# [Task to carry out]
With the pictures removed, write out the data below exactly.

# [Raw data]
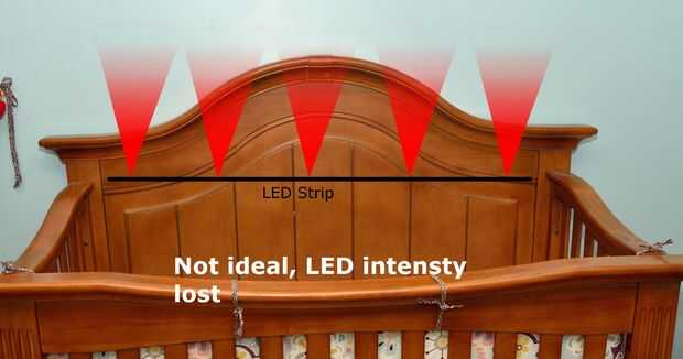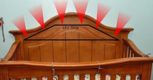 Si la cama tiene la espalda recta es una pieza sencilla. En mi caso la parte de atrás de la cuna las curvas y el uso de una pieza recta significa que gran parte de la intensidad del LED se pierde detrás de la cuna. Así que he creado la estructura en la foto. La idea es conseguir un contorno tan cerca de la cama hacia atrás como sea posible, pero ten en cuenta que no quieren la franja visible, por lo que debe ser 3 pulgadas o menos por debajo de la parte superior de la cabecera de la cama.
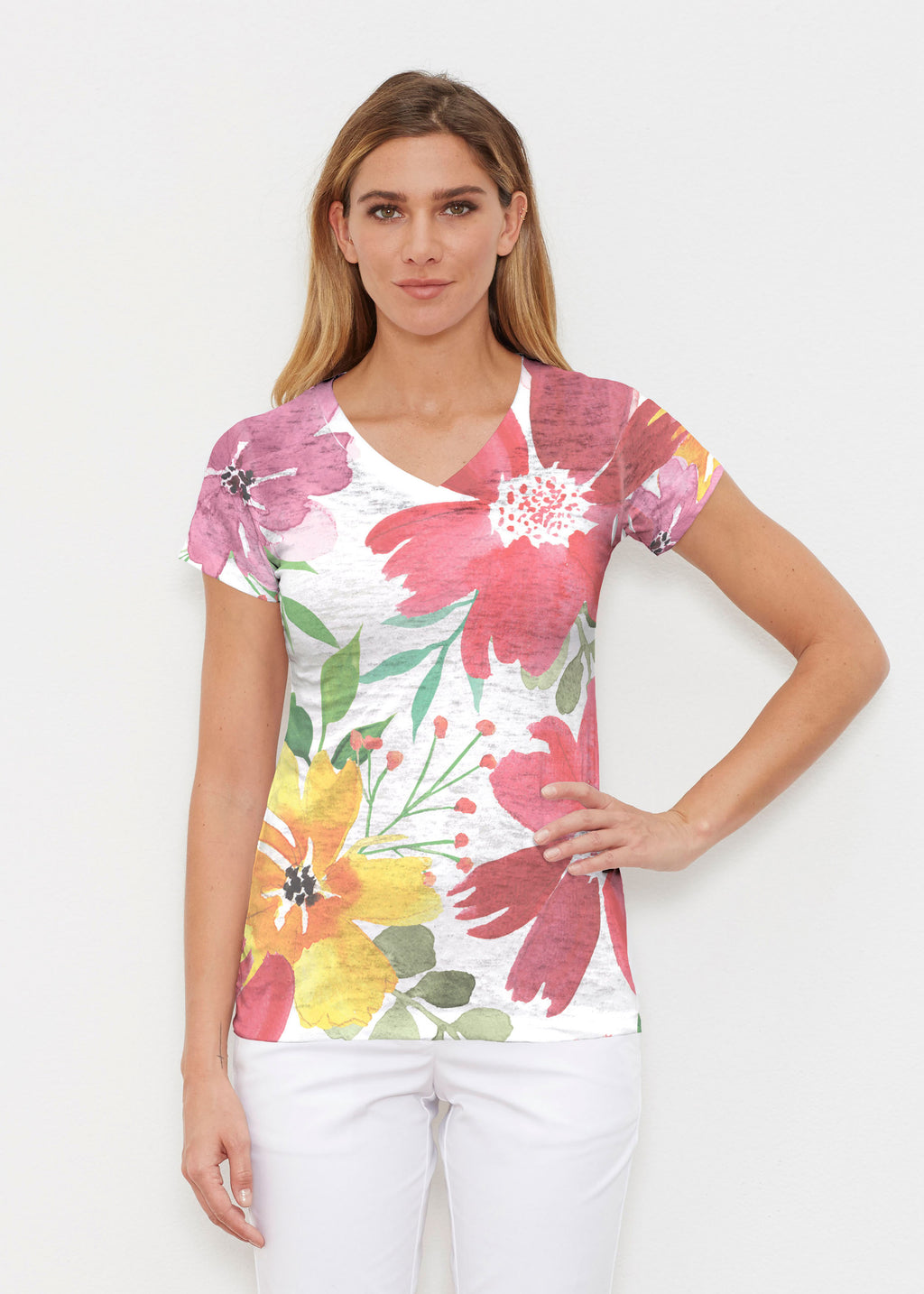 • Festive Bloom (8154) ~ Signature Cap Sleeve V-Neck Shirt
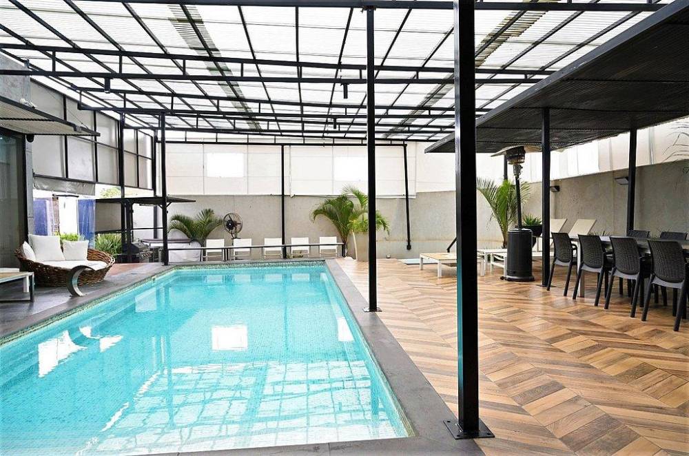 חצר יפיפייה עם מדשאות, בריכת שחייה מחוממת, מקורה ומקצועית מחופה דק עץ מדהים
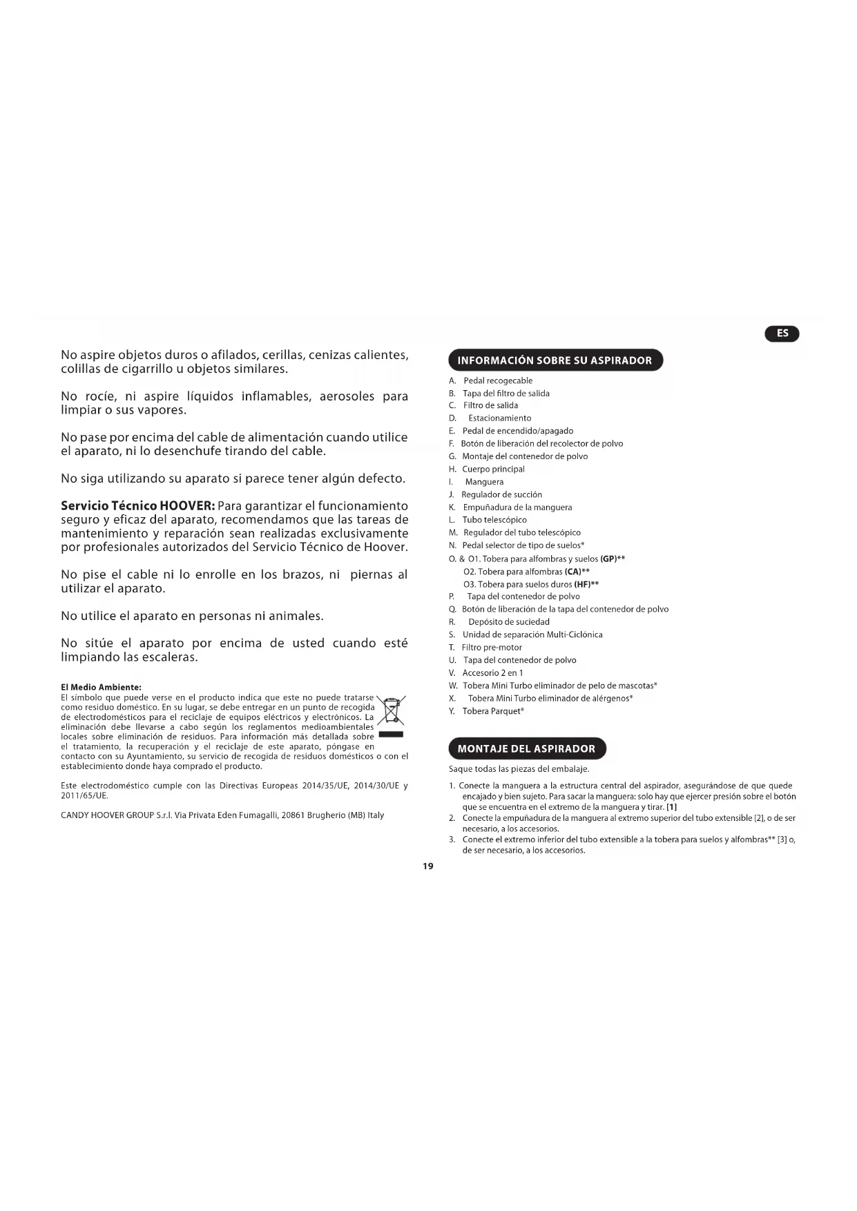 - O aspirador apresenta sobreaquecimento? Em caso armativo, a reposição automática ocorrerá passados cerca de 30 minutos. PT ESNo aspire objetos duros o afilados, cerillas, cenizas calientes, colillas de cigarrillo u objetos similares. No rocíe, ni aspire líquidos inflamables, aerosoles para limpiar o sus vapores. No pase por encima del cable de alimentación cuando utilice el aparato, ni lo desenchufe tirando del cable. No siga utilizando su aparato si parece tener algún defecto. Servicio Técnico HOOVER: Para garantizar el funcionamiento seguro y eficaz del aparato, recomendamos que las tareas de mantenimiento y reparación sean realizadas exclusivamente por profesionales autorizados del Servicio Técnico de Hoover. No pise el cable ni lo enrolle en los brazos, ni piernas al utilizar el aparato. No utilice el aparato en personas ni animales. No sitúe el aparato por encima de usted cuando esté limpiando las escaleras. El Medio Ambiente: El símbolo que puede verse en el producto indica que este no puede tratarse como residuo doméstico. En su lugar, se debe entregar en un punto de recogida de electrodomésticos para el reciclaje de equipos eléctricos y electrónicos. La eliminación debe llevarse a cabo según los reglamentos medioambientales locales sobre eliminación de residuos. Para información más detallada sobre el tratamiento, la recuperación y el reciclaje de este aparato, póngase en contacto con su Ayuntamiento, su servicio de recogida de residuos domésticos o con el establecimiento donde haya comprado el producto. Este electrodoméstico cumple con las Directivas Europeas 2014/35/UE, 2014/30/UE y 2011/65/UE. CANDY HOOVER GROUP S.r.l. Via Privata Eden Fumagalli, 20861 Brugherio (MB) Italy

# [Exercise solution]
 Si la cama tiene la espalda recta es una pieza sencilla. En mi caso la parte de atrás de la cuna las curvas y el uso de una pieza recta significa que gran parte de la intensidad del LED se pierde detrás de la cuna. Así que he creado la estructura en la foto. La idea es conseguir un contorno tan cerca de la cama hacia atrás como sea posible, pero ten en cuenta que no quieren la franja visible, por lo que debe ser 3 pulgadas o menos por debajo de la parte superior de la cabecera de la cama.
 • Festive Bloom (8154) ~ Signature Cap Sleeve V-Neck Shirt
 חצר יפיפייה עם מדשאות, בריכת שחייה מחוממת, מקורה ומקצועית מחופה דק עץ מדהים
 - O aspirador apresenta sobreaquecimento? Em caso armativo, a reposição automática ocorrerá passados cerca de 30 minutos. PT ESNo aspire objetos duros o afilados, cerillas, cenizas calientes, colillas de cigarrillo u objetos similares. No rocíe, ni aspire líquidos inflamables, aerosoles para limpiar o sus vapores. No pase por encima del cable de alimentación cuando utilice el aparato, ni lo desenchufe tirando del cable. No siga utilizando su aparato si parece tener algún defecto. Servicio Técnico HOOVER: Para garantizar el funcionamiento seguro y eficaz del aparato, recomendamos que las tareas de mantenimiento y reparación sean realizadas exclusivamente por profesionales autorizados del Servicio Técnico de Hoover. No pise el cable ni lo enrolle en los brazos, ni piernas al utilizar el aparato. No utilice el aparato en personas ni animales. No sitúe el aparato por encima de usted cuando esté limpiando las escaleras. El Medio Ambiente: El símbolo que puede verse en el producto indica que este no puede tratarse como residuo doméstico. En su lugar, se debe entregar en un punto de recogida de electrodomésticos para el reciclaje de equipos eléctricos y electrónicos. La eliminación debe llevarse a cabo según los reglamentos medioambientales locales sobre eliminación de residuos. Para información más detallada sobre el tratamiento, la recuperación y el reciclaje de este aparato, póngase en contacto con su Ayuntamiento, su servicio de recogida de residuos domésticos o con el establecimiento donde haya comprado el producto. Este electrodoméstico cumple con las Directivas Europeas 2014/35/UE, 2014/30/UE y 2011/65/UE. CANDY HOOVER GROUP S.r.l. Via Privata Eden Fumagalli, 20861 Brugherio (MB) Italy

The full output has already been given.